[Opening GIVEN MATERIAL section]

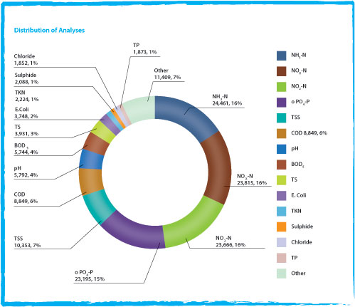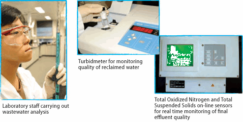 A comprehensive sampling scheme is in place to provide pollutant loading measurement and monitoring of treatment efficiencies at various treatment units. This is to ensure effluent is treated to meet mandated discharge licence conditions and provide precise data for quality compliance.
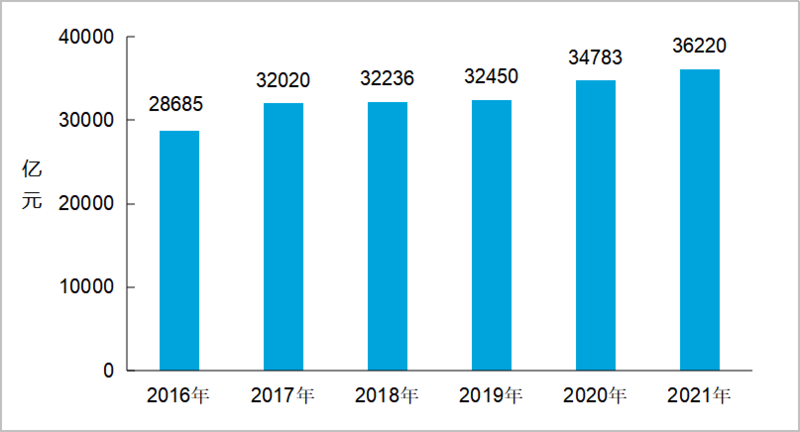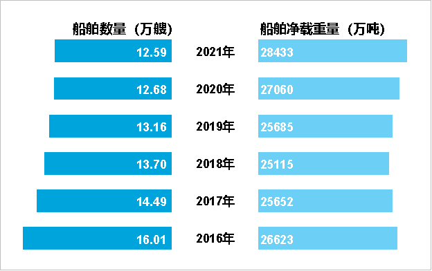 图5 2016-2021年年末全国水上运输船舶拥有量
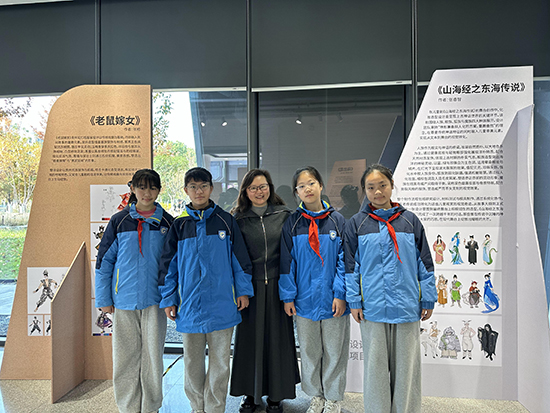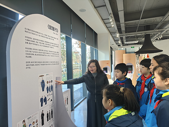 在上城區(qū)文化特派員張西琴的介紹下,孩子們的好奇心被徹底點燃。在《老鼠嫁女》展區(qū),大家圍著手稿追問苗族刺繡的寓意;看到《琵琶行》的服飾配色變化,有同學主動分享自己對詩句的理解。張西琴為孩子們搭建起通往專業(yè)藝術(shù)領(lǐng)域的橋梁,她結(jié)合展品細致拆解設計背后的文化內(nèi)涵與創(chuàng)作邏輯,讓孩子們讀懂蒙古族圖騰、唐代服飾形制如何與劇情深度融合,明白AI技術(shù)如何為傳統(tǒng)紋樣數(shù)字再生賦能。

[Closing GIVEN MATERIAL section]

Apart from the pictures, repeat the data above exactly.

▶ **SOLUTION TO THIS TASK**:
 A comprehensive sampling scheme is in place to provide pollutant loading measurement and monitoring of treatment efficiencies at various treatment units. This is to ensure effluent is treated to meet mandated discharge licence conditions and provide precise data for quality compliance.
 图5 2016-2021年年末全国水上运输船舶拥有量
 在上城區(qū)文化特派員張西琴的介紹下,孩子們的好奇心被徹底點燃。在《老鼠嫁女》展區(qū),大家圍著手稿追問苗族刺繡的寓意;看到《琵琶行》的服飾配色變化,有同學主動分享自己對詩句的理解。張西琴為孩子們搭建起通往專業(yè)藝術(shù)領(lǐng)域的橋梁,她結(jié)合展品細致拆解設計背后的文化內(nèi)涵與創(chuàng)作邏輯,讓孩子們讀懂蒙古族圖騰、唐代服飾形制如何與劇情深度融合,明白AI技術(shù)如何為傳統(tǒng)紋樣數(shù)字再生賦能。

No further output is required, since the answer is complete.